Commercial borrowers begin to grumble about the rates at about 8 percent, says Prescott.

And at the 9 percent mark, though they don't fold up their tents entirely, they begin to hold off on making large equipment purchases and real estate investments.

So far, northern Nevada commercial borrowers are responding to the rising interest rates in a couple of ways.

Some, says DeVolld,"are trying to get in under the wire before rates go up further." In fact, he says, First Independent has seen more velocity in commercial loan requests since it became evident that rate increases are imminent.

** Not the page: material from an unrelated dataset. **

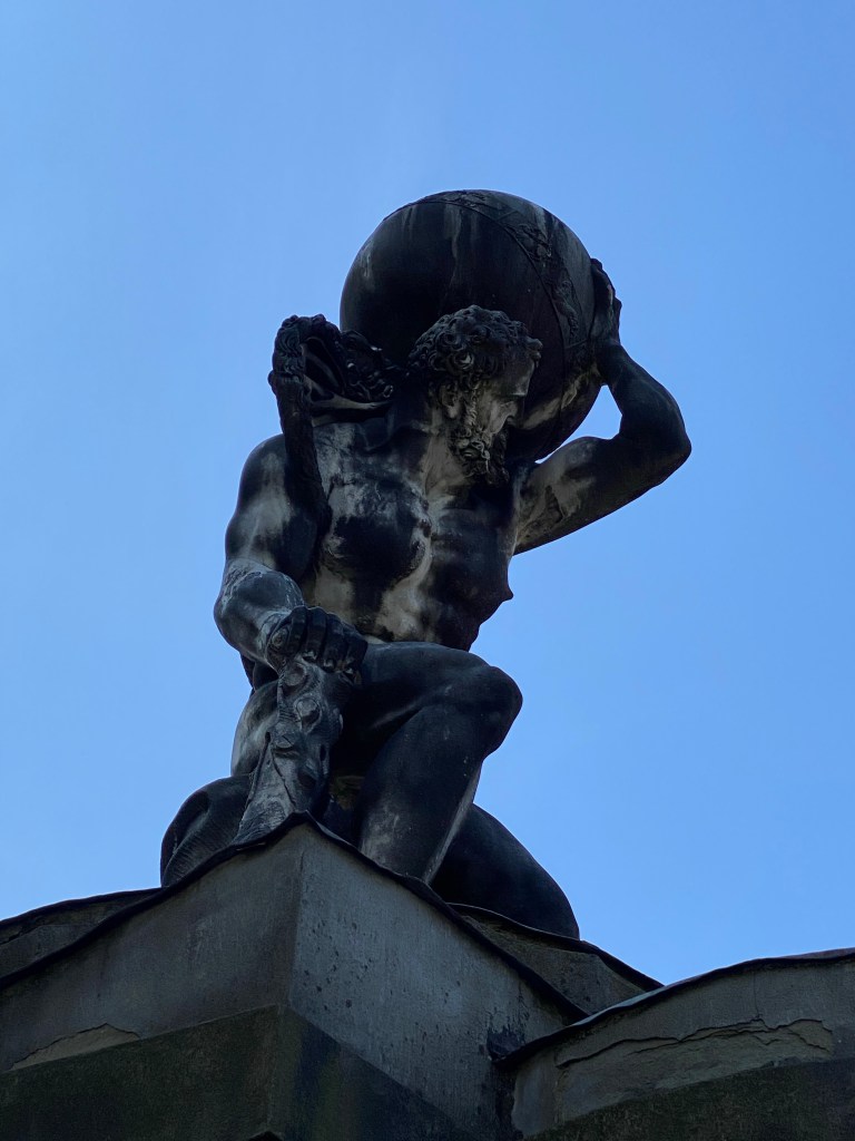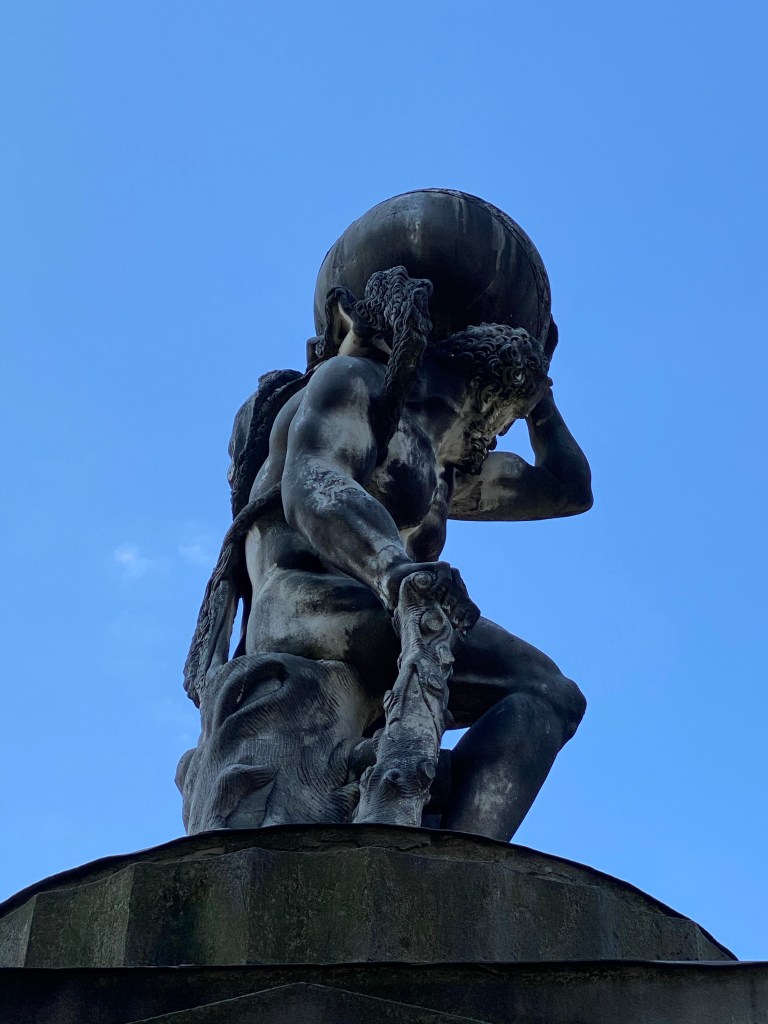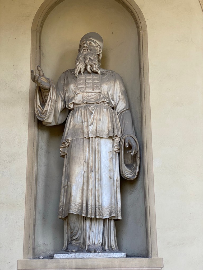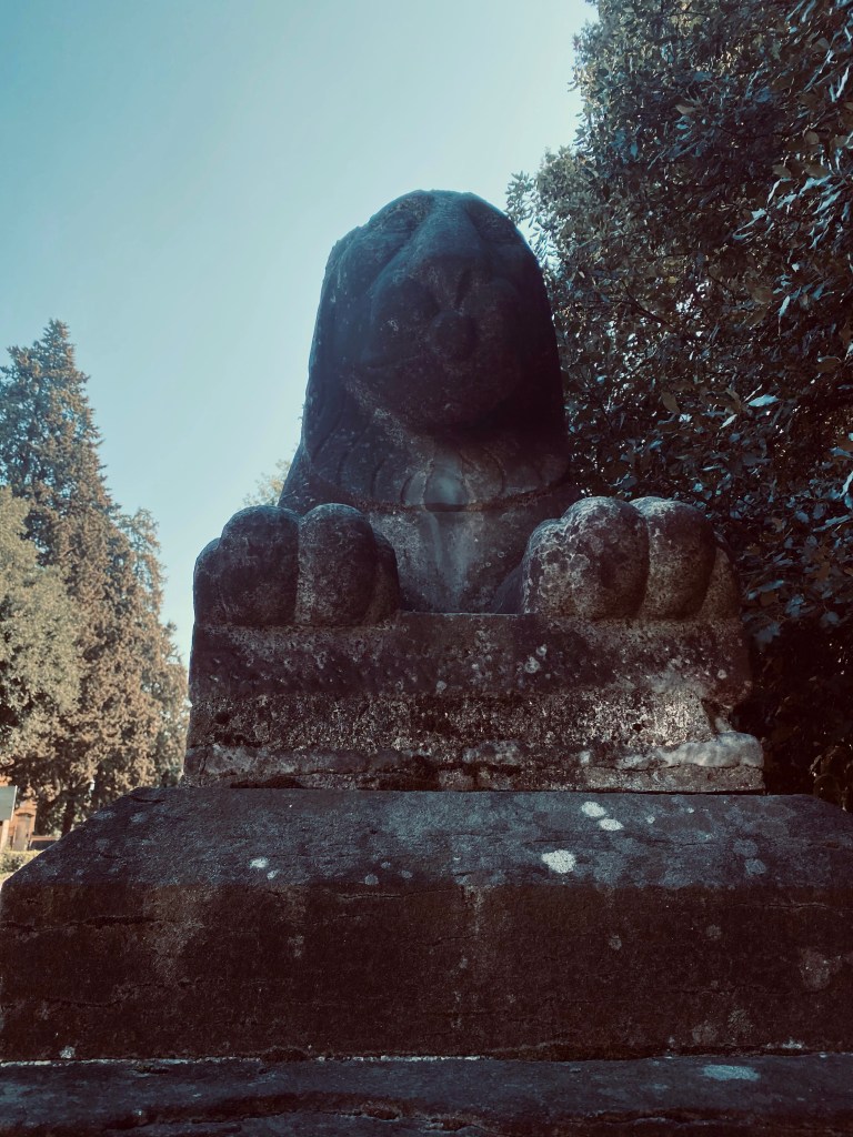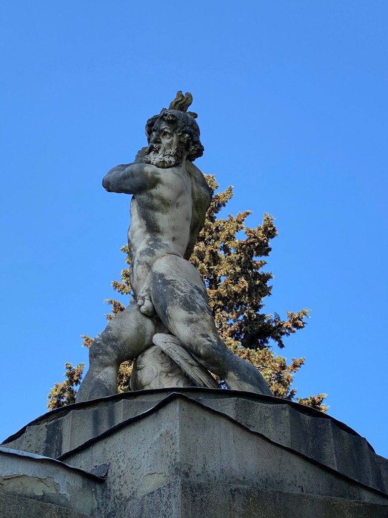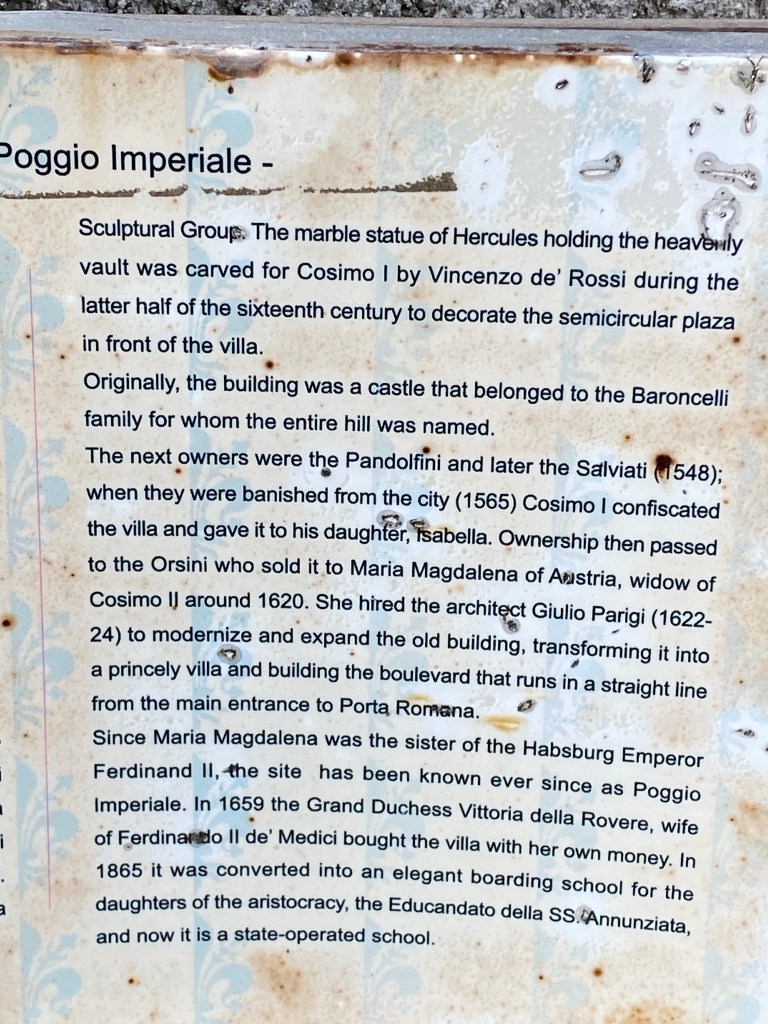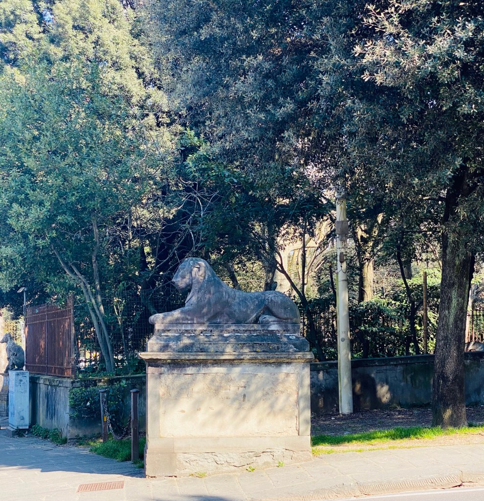 And then, at the foot of the Viale, we run into the Porta Romana entrance to the historic center of Florence. If you look to the left of the statue, just behind her, you will see the Viale starting its ascent to the Villa. The statue is by Michelangelo Pistoletto, entitled Pietro-Front or “turnabout” from 1984.

"It's like a snake that swallowed a gopher," is DeVolld's description "You can see it moving along in a lump."

Another reaction, adds Prescott, has been a leap out of variable loans into fixed rates.

"It's a great time to lock in rates," he says.

Some of his commercial clients are swapping out half of a variable commercial loan, leaving half at variable rates, fixing the other half.

"We're selling the heck out of that," he says.

Not all bankers are seeing an effect.

Heritage Bank of Nevada reports an uninterrupted flow in its bank business, says Wilmoth.

Other factors may be affecting the market, he adds, factors such as rising oil prices.

But not prime interest rates.Not so far.

Mark Phillips, executive vice president and chief credit officer of Business Bank of Nevada, agrees.

Though there have been a series of slight raises to the Fed rates eight in the last year they haven't had much effect on loans at Business Bank.

Projects that penciled out when prime was 5.75 percent, usually still work when it's 6 percent.

Doug Roberts, a Reno-based partner with Panattoni Development Co., describes the effect of the rate changes as "immaterial" in his end of the business - developing commercial properties.

It's immaterial because of land value appreciation, he adds.

Those same rising land costs that make penciling out a commercial project a challenge, also offer almost-guaranteed equity.And that is, so far, outstripping the effect of rising interest rates for end-users and commercial buyers of his developments.

But then, the banks themselves are affecting the market, says Prescott."The banking market is competitive right now." And why? The proliferation of banks in the market contributes to the competitive market.

Not just Reno, but nationally.

But also, adds Prescott,"There's a push from the top to grow commercial loans."That makes this a good environment for borrowers, as banks are narrowing profit margins to grow the market.

"It's still a bit of playing catch-up from a post 9/11 mini-recession," he says.

U.S.

Bank is putting greater efforts on rebuilding its commercial portfolio, pushing for higher percentages of growth in that segment.

Adds DeVolld,"Job growth drives our economy in northern Nevada."And,with the Economic Development Authority of Western Nevada working to bring in new businesses, the region is in a good position for continued growth.